As a second year resident in pediatrics, I occasionally see parents express concern that care from a medical trainee puts their hospitalized child at a disadvantage. However, a number of studies show that the quality of care for patients at teaching hospitals is no different than that of non-teaching hospitals. In fact, there are a number of benefits from being at a teaching hospital:

  • The focus on education at teaching hospitals motivates everyone on the team to stay updated on the most recent research.
  • As centers of academia, teaching hospitals attract many of the top, highest regarded physicians and researchers.
  • Teaching hospitals often have cutting-edge, innovative treatments not offered at other hospitals.
  • Family centered rounds ensure that parents get to participate in planning their child’s care each day.
  • Patient safety is our number one priority. Trainees are always supervised and do not perform procedures that exceed their level of training.

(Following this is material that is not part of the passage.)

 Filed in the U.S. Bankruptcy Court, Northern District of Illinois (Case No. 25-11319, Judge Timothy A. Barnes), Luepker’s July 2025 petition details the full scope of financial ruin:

In teaching hospitals, medical trainees expand the size of care teams to include medical students, residents, and fellows. All teams have an attending physician who leads the team. Each of these team members is in a different career stage and plays an important role in your child’s care. You will also likely meet nurses, pharmacists, respiratory therapists, and many other team members who may be in various stages of training, as well.

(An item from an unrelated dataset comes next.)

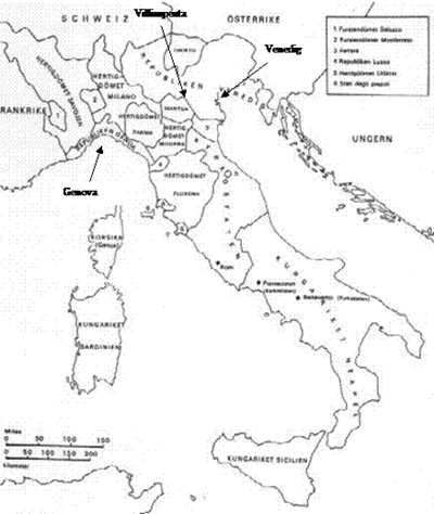 Vid den tidpunkten när Napoleon invaderade Norditalien, i 1795 fanns, förutom ett antal mindre hertigdömen under Österrikes välde, även republikerna Genova och Venedig. Om någon vid den tiden skulle färdas från Genova till Po-dalen i trakterna av Rovigo, så hade de fått resa från Genova genom hertigdömena Parma och Mantua innan de kom till republiken Venedigs domäner. Vi vet givetvis inte om familjen Marconinis gård låg inom republikens område eller om den låg i något av de angränsande hertigdömena Milano, Mantua eller Ferrara.

At Children’s National, our medical trainees include medical students, consisting of 3rd year medical students from local universities and 4th year medical students completing electives and acting internships. Residents, such as myself, are doctors who have graduated from medical school and are now training in their chosen specialty. And fellows are qualified medical doctors who have completed their residency training and are pursuing further sub-specialization.

As a parent, you’ll meet a lot of doctors and trainees at Children’s National in both our inpatient and outpatient centers. All doctors and students wear badges that state our role. We also introduce ourselves when we first meet you. If at any point you’re not sure, it’s ok to ask us what our roles are on the team.

Regardless of where you are seen at Children’s National, you can expect to get safe, high-quality care, all overseen closely by our outstanding attending physicians. You should also know that your child’s treatment is helping to train the next generation of physicians to care for your children, and maybe even your future grandchildren.


Dr. Bryan Stierman, MD, MPH, is a second year resident in pediatrics at Children’s National.